I like my 300wsm. Hand loads with 168 gr. barnes 
does the trick!


----------



## iwantabuggy (Feb 15, 2005)

Plainsman said:


> maranatha77 I have gone over this many times myself. I have a 300 Win Mag and a 300WSM.
> If you don't reload you will find 300 Winchester Mags much more common. Also, you will find them at about half the price of the 300 Weatherby and Ultramag.
> If you do reload you will find little difference in the velocity and capabilities of the 300 Winchester Mag as compared to the Weatherby. You will find a bigger difference between the 300 Winchester Mag and the 300WSM. the 300WSM is already loaded to max SAMI specs and you will be lucky to reach their advertised velocities. On the other hand you can pick up a couple of hundred feet per second reloading the 300 Winchester Mag.
> I have thought many times about buying a Remington 300 Ultramag. Then I think about cost of ammo, the fact that the Ultramag I think is over bored (can't efficiently use the powder in the cartridge with less than a 28 inch barrel), and I can reload a 180 grain within 50 fps of 300 factory Ultramag.
> For me the 300 Winchester is still my choice.
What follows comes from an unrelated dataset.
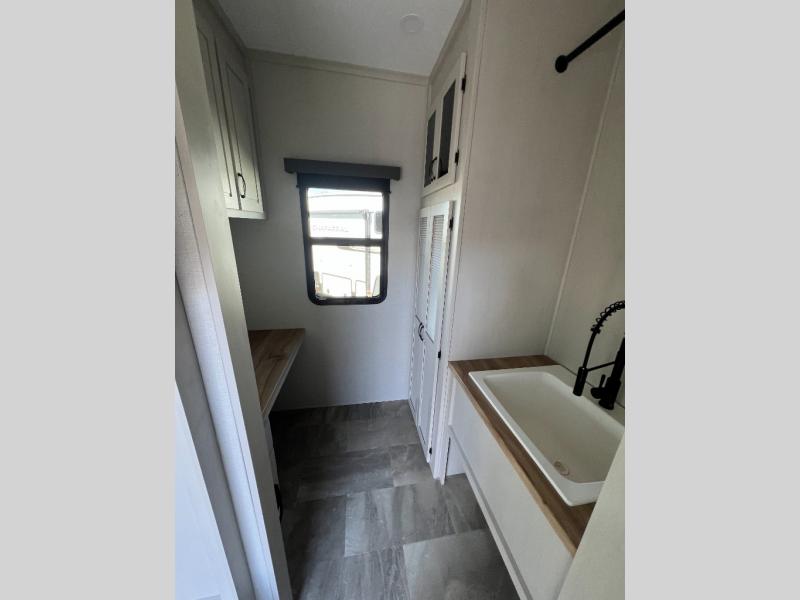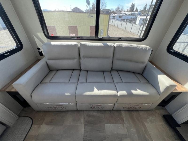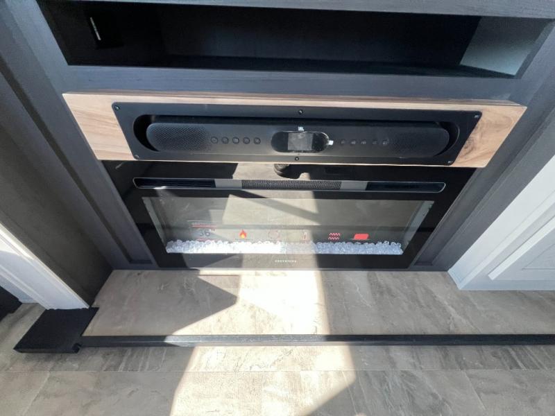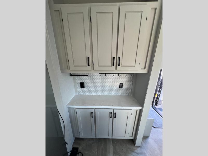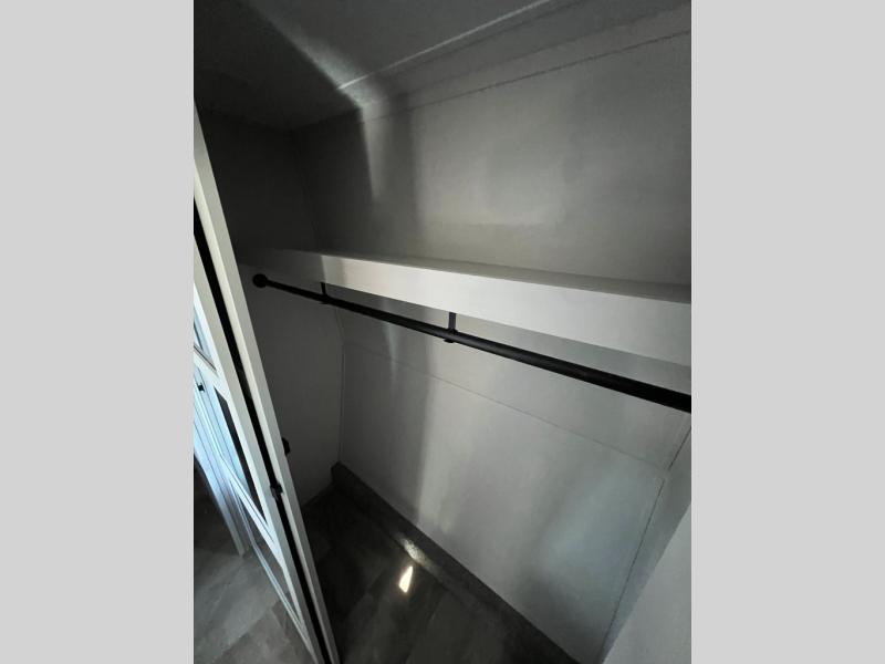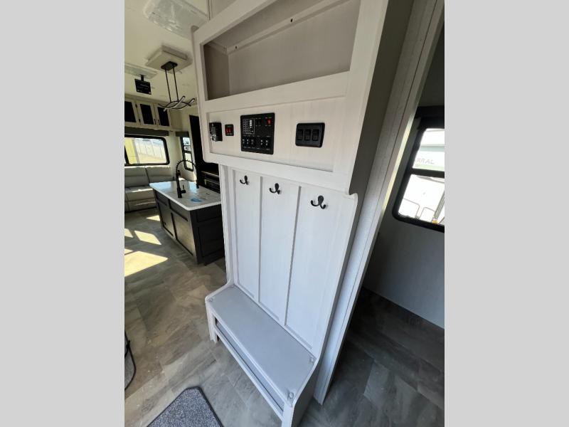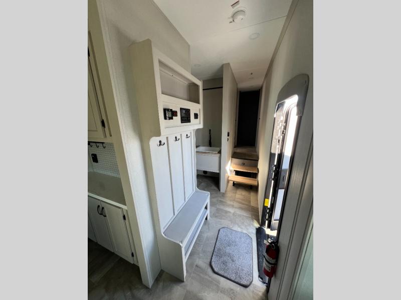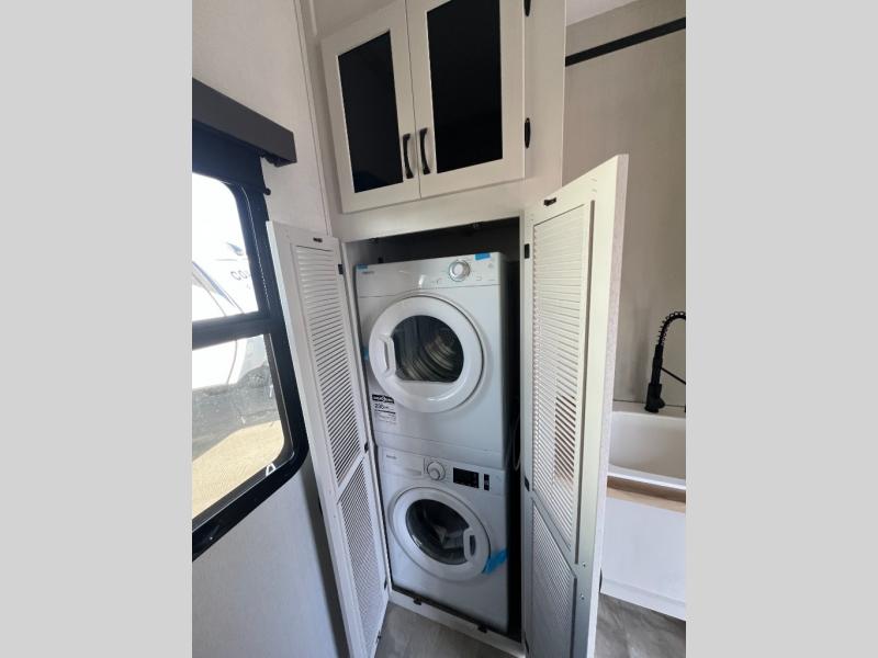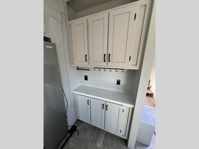 The rear living room is the perfect place to unwind, featuring a 78” trifold sofa, theater seating, overhead cabinets, and an entertainment center. Whether you're watching a movie, reading a book, or simply enjoying the company of loved ones, this room has everything you need to relax and recharge. The spacious kitchen is fitted with a kitchen island, refrigerator, microwave, free-standing table, hutch, and overhead cabinets. Perfect for preparing your favorite meals and enjoy with family. With a convenient coat bench, desk with flip-up storage, washer, and dryer, you'll have everything you need to stay organized and comfortable on the go. The full bathroom is an enormous oasis with a linen closet for added convenience. Also with a front bedroom featuring a king bed, dresser, shelves, and wardrobe, you'll have the perfect place to rest and recharge after a long day of adventure, also plenty of space for storing all your belongings and staying organized on the road.

What he said.  Plus it is time tested.


----------



## southdakbearfan (Oct 11, 2004)

A third vote for the 300 win mag.


----------



## maranatha77 (Oct 27, 2008)

Thanks All, I bought a 300 Win Mag in the A-Bolt / Boss, with a Shepherd scope already on it. I do have a VX-III, B&C, 4.5 - 14 handy if the Shepherd is too busy. I found it on Auction Arms. 
If any of you 300 Win Mag fans have a prefered load and bullet I would love to have some starting points to build some loads for my 300. 
God bless America, Paul...<><


----------



## southdakbearfan (Oct 11, 2004)

My 300 really likes 180 gr nosler accubonds or ballistic tips ahead of a max load of H4831SC in my rifle. I use the accubonds for heavier game and ballistic tips for deer.

I tried the accubonds on deer a couple of times, but if you manage to stick one between the ribs, they tend to whistle through without much damage because of the heavy jacket. They do open up and mushroom out well on elk no matter where you hit them because of the tough hide.

The ballistic tips are a little more volatile if you don't hit bone, but heavy enough to plow through when you do on deer.

I prefer both of those for two reasons, extremely accurate in my rilfe with the same load, and they are tipped so no recoil damage to the tips in the magazine.

Lots of good bullets out there, noslers, barnes, hornady, and more. Find one that fits the game you are hunting and that your rifle likes.


----------



## Sasha and Abby (May 11, 2004)

I agree with Plainsman 100%.

You made a good buy. I have the same rifle and it will throw a 1/4" group all day with 180gr Grand Slams.


----------



## iwantabuggy (Feb 15, 2005)

I like the Swift Scirrocco over RL-22. Start low and work up. It does a great job whether you hit bone or not. My son (14 years old) shot his first elk on Saturday with my 300WM and this bullet.


----------